[WHAT TO DO]
Write the data out again, word for word.

[DATA FOR THIS EXERCISE]

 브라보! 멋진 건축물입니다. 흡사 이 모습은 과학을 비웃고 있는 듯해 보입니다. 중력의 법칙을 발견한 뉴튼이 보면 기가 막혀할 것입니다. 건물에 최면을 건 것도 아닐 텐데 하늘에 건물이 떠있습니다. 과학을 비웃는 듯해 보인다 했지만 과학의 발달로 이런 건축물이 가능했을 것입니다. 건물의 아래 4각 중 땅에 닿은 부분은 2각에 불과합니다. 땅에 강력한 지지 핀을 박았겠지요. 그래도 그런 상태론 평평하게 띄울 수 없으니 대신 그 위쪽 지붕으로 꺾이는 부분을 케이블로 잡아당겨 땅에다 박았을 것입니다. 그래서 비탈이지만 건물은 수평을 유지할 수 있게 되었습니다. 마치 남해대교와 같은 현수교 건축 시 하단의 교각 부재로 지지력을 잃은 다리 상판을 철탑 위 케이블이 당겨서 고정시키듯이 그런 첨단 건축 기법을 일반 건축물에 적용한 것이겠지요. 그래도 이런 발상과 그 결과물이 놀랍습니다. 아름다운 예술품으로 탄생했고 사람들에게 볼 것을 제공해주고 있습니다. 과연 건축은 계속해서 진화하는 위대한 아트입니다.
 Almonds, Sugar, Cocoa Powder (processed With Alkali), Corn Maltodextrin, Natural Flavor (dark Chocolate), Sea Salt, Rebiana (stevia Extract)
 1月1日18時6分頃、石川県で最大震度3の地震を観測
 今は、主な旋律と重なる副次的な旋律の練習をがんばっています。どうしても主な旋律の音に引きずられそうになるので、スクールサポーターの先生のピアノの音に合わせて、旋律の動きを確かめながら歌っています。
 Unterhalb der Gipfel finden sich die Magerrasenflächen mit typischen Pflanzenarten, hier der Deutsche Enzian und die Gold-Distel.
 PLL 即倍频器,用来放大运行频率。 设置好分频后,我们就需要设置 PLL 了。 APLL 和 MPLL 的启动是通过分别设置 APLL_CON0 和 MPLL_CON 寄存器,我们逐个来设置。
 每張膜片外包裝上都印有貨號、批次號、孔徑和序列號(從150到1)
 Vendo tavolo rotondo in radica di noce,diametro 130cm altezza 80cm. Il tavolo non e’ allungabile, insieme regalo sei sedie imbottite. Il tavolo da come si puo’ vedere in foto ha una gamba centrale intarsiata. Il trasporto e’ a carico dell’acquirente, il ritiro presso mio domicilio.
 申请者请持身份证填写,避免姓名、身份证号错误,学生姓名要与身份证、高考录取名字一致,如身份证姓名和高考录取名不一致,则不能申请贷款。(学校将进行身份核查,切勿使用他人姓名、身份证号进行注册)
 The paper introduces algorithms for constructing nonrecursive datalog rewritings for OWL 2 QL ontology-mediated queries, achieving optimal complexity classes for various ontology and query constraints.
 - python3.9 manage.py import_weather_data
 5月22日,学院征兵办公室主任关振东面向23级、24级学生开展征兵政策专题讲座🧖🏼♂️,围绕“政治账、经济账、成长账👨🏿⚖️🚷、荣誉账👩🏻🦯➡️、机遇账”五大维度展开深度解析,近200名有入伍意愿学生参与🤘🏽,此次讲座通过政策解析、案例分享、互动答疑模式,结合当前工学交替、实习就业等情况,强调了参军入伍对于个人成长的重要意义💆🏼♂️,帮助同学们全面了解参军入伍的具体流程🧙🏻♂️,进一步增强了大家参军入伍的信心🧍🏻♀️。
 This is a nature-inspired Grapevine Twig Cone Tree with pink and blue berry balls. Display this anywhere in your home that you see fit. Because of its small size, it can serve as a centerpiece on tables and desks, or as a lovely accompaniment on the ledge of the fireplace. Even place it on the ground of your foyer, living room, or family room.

[WRITTEN RESPONSE]
 브라보! 멋진 건축물입니다. 흡사 이 모습은 과학을 비웃고 있는 듯해 보입니다. 중력의 법칙을 발견한 뉴튼이 보면 기가 막혀할 것입니다. 건물에 최면을 건 것도 아닐 텐데 하늘에 건물이 떠있습니다. 과학을 비웃는 듯해 보인다 했지만 과학의 발달로 이런 건축물이 가능했을 것입니다. 건물의 아래 4각 중 땅에 닿은 부분은 2각에 불과합니다. 땅에 강력한 지지 핀을 박았겠지요. 그래도 그런 상태론 평평하게 띄울 수 없으니 대신 그 위쪽 지붕으로 꺾이는 부분을 케이블로 잡아당겨 땅에다 박았을 것입니다. 그래서 비탈이지만 건물은 수평을 유지할 수 있게 되었습니다. 마치 남해대교와 같은 현수교 건축 시 하단의 교각 부재로 지지력을 잃은 다리 상판을 철탑 위 케이블이 당겨서 고정시키듯이 그런 첨단 건축 기법을 일반 건축물에 적용한 것이겠지요. 그래도 이런 발상과 그 결과물이 놀랍습니다. 아름다운 예술품으로 탄생했고 사람들에게 볼 것을 제공해주고 있습니다. 과연 건축은 계속해서 진화하는 위대한 아트입니다.
 Almonds, Sugar, Cocoa Powder (processed With Alkali), Corn Maltodextrin, Natural Flavor (dark Chocolate), Sea Salt, Rebiana (stevia Extract)
 1月1日18時6分頃、石川県で最大震度3の地震を観測
 今は、主な旋律と重なる副次的な旋律の練習をがんばっています。どうしても主な旋律の音に引きずられそうになるので、スクールサポーターの先生のピアノの音に合わせて、旋律の動きを確かめながら歌っています。
 Unterhalb der Gipfel finden sich die Magerrasenflächen mit typischen Pflanzenarten, hier der Deutsche Enzian und die Gold-Distel.
 PLL 即倍频器,用来放大运行频率。 设置好分频后,我们就需要设置 PLL 了。 APLL 和 MPLL 的启动是通过分别设置 APLL_CON0 和 MPLL_CON 寄存器,我们逐个来设置。
 每張膜片外包裝上都印有貨號、批次號、孔徑和序列號(從150到1)
 Vendo tavolo rotondo in radica di noce,diametro 130cm altezza 80cm. Il tavolo non e’ allungabile, insieme regalo sei sedie imbottite. Il tavolo da come si puo’ vedere in foto ha una gamba centrale intarsiata. Il trasporto e’ a carico dell’acquirente, il ritiro presso mio domicilio.
 申请者请持身份证填写,避免姓名、身份证号错误,学生姓名要与身份证、高考录取名字一致,如身份证姓名和高考录取名不一致,则不能申请贷款。(学校将进行身份核查,切勿使用他人姓名、身份证号进行注册)
 The paper introduces algorithms for constructing nonrecursive datalog rewritings for OWL 2 QL ontology-mediated queries, achieving optimal complexity classes for various ontology and query constraints.
 - python3.9 manage.py import_weather_data
 5月22日,学院征兵办公室主任关振东面向23级、24级学生开展征兵政策专题讲座🧖🏼♂️,围绕“政治账、经济账、成长账👨🏿⚖️🚷、荣誉账👩🏻🦯➡️、机遇账”五大维度展开深度解析,近200名有入伍意愿学生参与🤘🏽,此次讲座通过政策解析、案例分享、互动答疑模式,结合当前工学交替、实习就业等情况,强调了参军入伍对于个人成长的重要意义💆🏼♂️,帮助同学们全面了解参军入伍的具体流程🧙🏻♂️,进一步增强了大家参军入伍的信心🧍🏻♀️。
 This is a nature-inspired Grapevine Twig Cone Tree with pink and blue berry balls. Display this anywhere in your home that you see fit. Because of its small size, it can serve as a centerpiece on tables and desks, or as a lovely accompaniment on the ledge of the fireplace. Even place it on the ground of your foyer, living room, or family room.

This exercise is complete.